### WORK INSTRUCTION
Leave out the pictures, and reproduce exactly the lines from the line containing "27日,首先由马鞍山市第一幼" through the final line of the entries.

### RECORD EXTRACTS
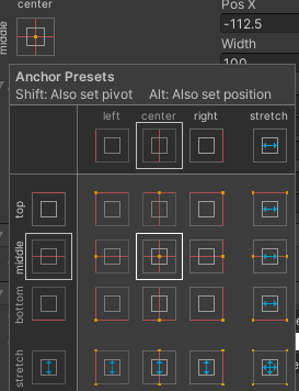 UI 요소가 Canvas의 어디에 붙어 있을지를 결정하는 기준점(상대 좌표)입니다.
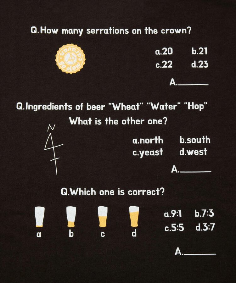 バックプリントにはビールクイズをプリント。暑い夏でも快適な機能素材『Drymix®』でキンキンに冷えたBEERを飲みに行きましょう☆
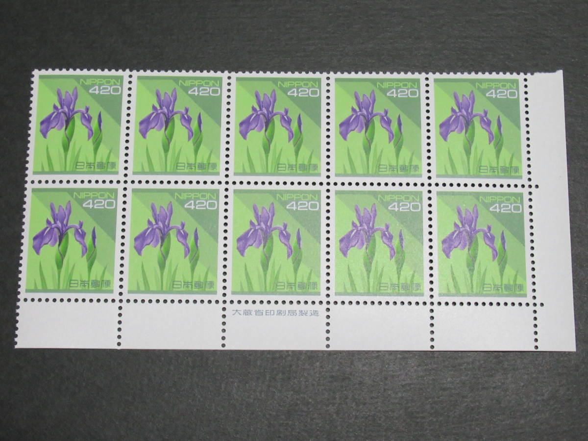《普通切手・銘版10枚・他》420円・ノハナショウブ・大蔵銘版・10枚ブロック 《カタログ価 15000円》
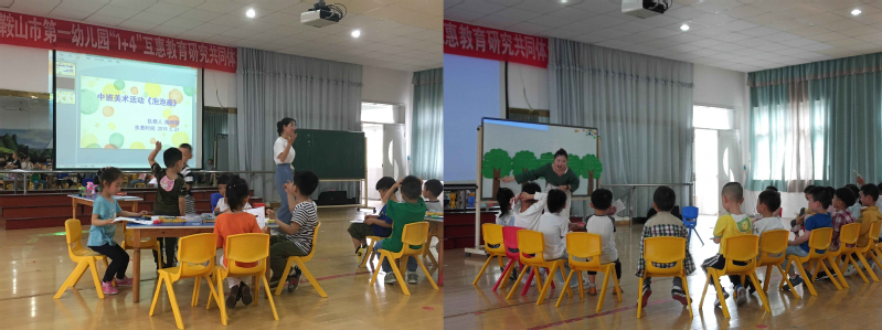 27日,首先由马鞍山市第一幼儿园的实习生查慧为我们带来的小班语言活动《猜猜我有多爱你》,查老师语言温柔,小朋友们都积极配合。第二个活动是由市政府幼儿园总园的实习生徐唱带来的是小班数学《5以内的数》,她用游戏贯穿整个活动,语言生动,有感染力,小朋友都很喜欢。接下来是雨山幼儿园的实习生陈晓慧带来的中班美术活动《泡泡画》,她根据幼儿喜欢的泡泡让幼儿创造出一幅幅美丽的泡泡画。她所在的雨山幼儿园副园长袁兴芳及指导教师唐雅琴亲临现场,表现出实习幼儿园对实习的高度重视。第四个活动是花和幼儿园的实习生周月带来的中班韵律活动 《鞋匠舞》,老师非常投入,幼儿也很喜欢这个韵律活动。最后,是来自安工大附属幼儿园的实习生胡九幸的大班语言活动《有那么一天》,她带领幼儿大胆畅想未来,幼儿也乐于表达自己的未来目标。
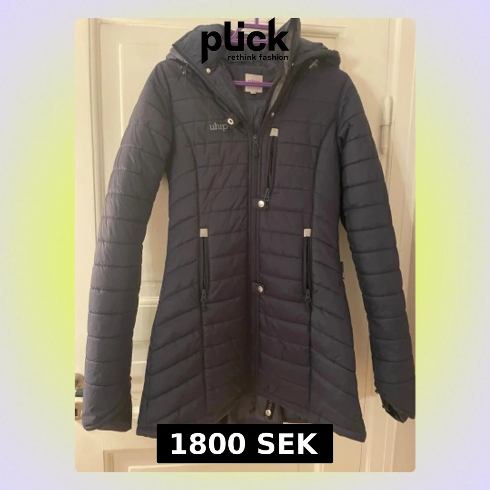 Säljer en mörkblå ridjacka från Uhip med huva och långa ärmar. Jackan är quiltad, har dragkedjor framtill och flera praktiska fickor. Längre modell som ger extra värme och skydd mot väder. Perfekt för kyliga dagar och har en stilren look. Den är i 160 men funkar upp till M tror jag
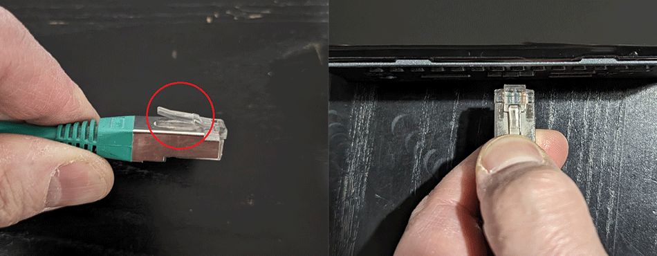 Notre conseil : appuyez sur le loquet puis retirez doucement le connecteur du port Ethernet.
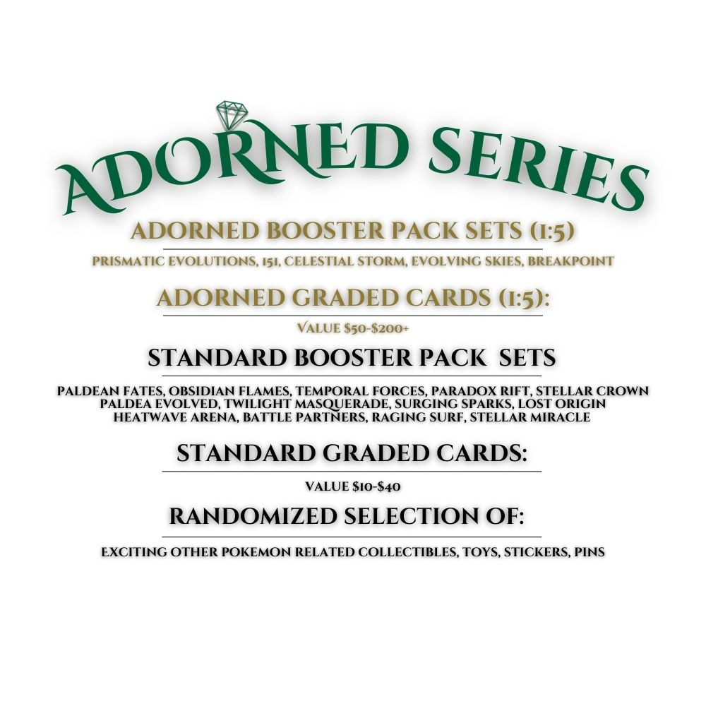 Adorned Tier Booster Packs are selected at random but are always made up of the following sets; Evolving Skies, 151, Sun & Moon Celestial Storm, Prismatic Evolutions, XY Breakpoint

### YOUR SOLUTION
 27日,首先由马鞍山市第一幼儿园的实习生查慧为我们带来的小班语言活动《猜猜我有多爱你》,查老师语言温柔,小朋友们都积极配合。第二个活动是由市政府幼儿园总园的实习生徐唱带来的是小班数学《5以内的数》,她用游戏贯穿整个活动,语言生动,有感染力,小朋友都很喜欢。接下来是雨山幼儿园的实习生陈晓慧带来的中班美术活动《泡泡画》,她根据幼儿喜欢的泡泡让幼儿创造出一幅幅美丽的泡泡画。她所在的雨山幼儿园副园长袁兴芳及指导教师唐雅琴亲临现场,表现出实习幼儿园对实习的高度重视。第四个活动是花和幼儿园的实习生周月带来的中班韵律活动 《鞋匠舞》,老师非常投入,幼儿也很喜欢这个韵律活动。最后,是来自安工大附属幼儿园的实习生胡九幸的大班语言活动《有那么一天》,她带领幼儿大胆畅想未来,幼儿也乐于表达自己的未来目标。
 Säljer en mörkblå ridjacka från Uhip med huva och långa ärmar. Jackan är quiltad, har dragkedjor framtill och flera praktiska fickor. Längre modell som ger extra värme och skydd mot väder. Perfekt för kyliga dagar och har en stilren look. Den är i 160 men funkar upp till M tror jag
 Notre conseil : appuyez sur le loquet puis retirez doucement le connecteur du port Ethernet.
 Adorned Tier Booster Packs are selected at random but are always made up of the following sets; Evolving Skies, 151, Sun & Moon Celestial Storm, Prismatic Evolutions, XY Breakpoint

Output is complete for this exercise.